Input material
------------------------------------

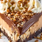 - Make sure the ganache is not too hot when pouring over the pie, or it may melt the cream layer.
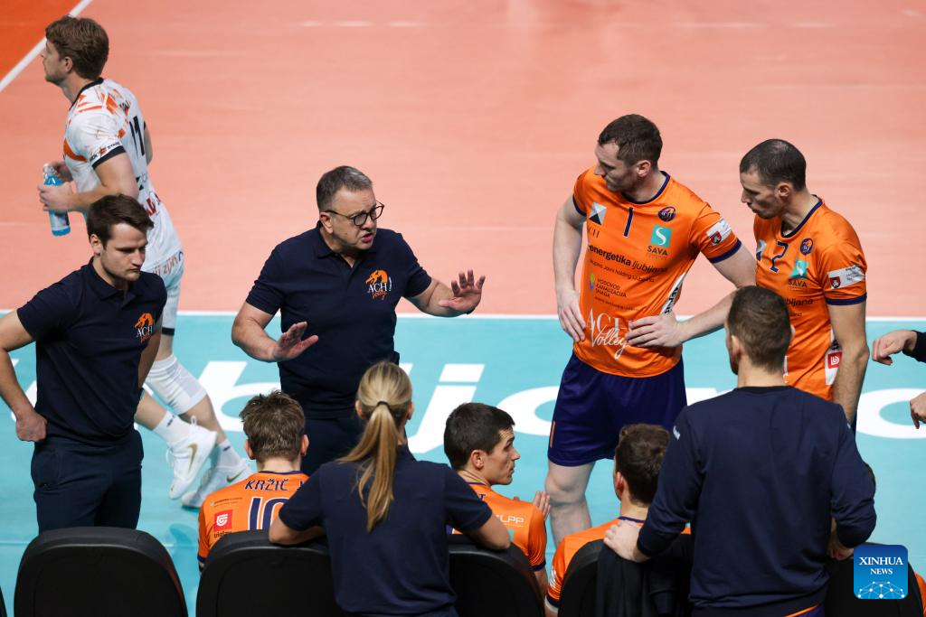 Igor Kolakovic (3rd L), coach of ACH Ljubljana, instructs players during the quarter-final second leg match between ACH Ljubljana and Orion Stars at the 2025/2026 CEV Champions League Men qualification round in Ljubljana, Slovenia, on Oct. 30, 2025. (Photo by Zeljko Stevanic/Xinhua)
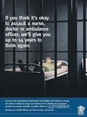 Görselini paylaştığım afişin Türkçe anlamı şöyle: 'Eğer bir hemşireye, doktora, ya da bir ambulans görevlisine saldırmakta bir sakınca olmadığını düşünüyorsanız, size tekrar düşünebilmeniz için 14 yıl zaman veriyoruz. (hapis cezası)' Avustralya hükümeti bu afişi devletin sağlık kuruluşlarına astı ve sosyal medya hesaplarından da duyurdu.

------------------------------------

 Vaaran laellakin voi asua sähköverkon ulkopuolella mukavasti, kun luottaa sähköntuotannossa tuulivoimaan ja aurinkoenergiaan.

------------------------------------

To do
Your copy should hold only the lines above from the one containing "- Make sure" through the one containing "Görselini paylaştığım afişin", exactly as written and free of pictures.

Expected answer
 - Make sure the ganache is not too hot when pouring over the pie, or it may melt the cream layer.
 Igor Kolakovic (3rd L), coach of ACH Ljubljana, instructs players during the quarter-final second leg match between ACH Ljubljana and Orion Stars at the 2025/2026 CEV Champions League Men qualification round in Ljubljana, Slovenia, on Oct. 30, 2025. (Photo by Zeljko Stevanic/Xinhua)
 Görselini paylaştığım afişin Türkçe anlamı şöyle: 'Eğer bir hemşireye, doktora, ya da bir ambulans görevlisine saldırmakta bir sakınca olmadığını düşünüyorsanız, size tekrar düşünebilmeniz için 14 yıl zaman veriyoruz. (hapis cezası)' Avustralya hükümeti bu afişi devletin sağlık kuruluşlarına astı ve sosyal medya hesaplarından da duyurdu.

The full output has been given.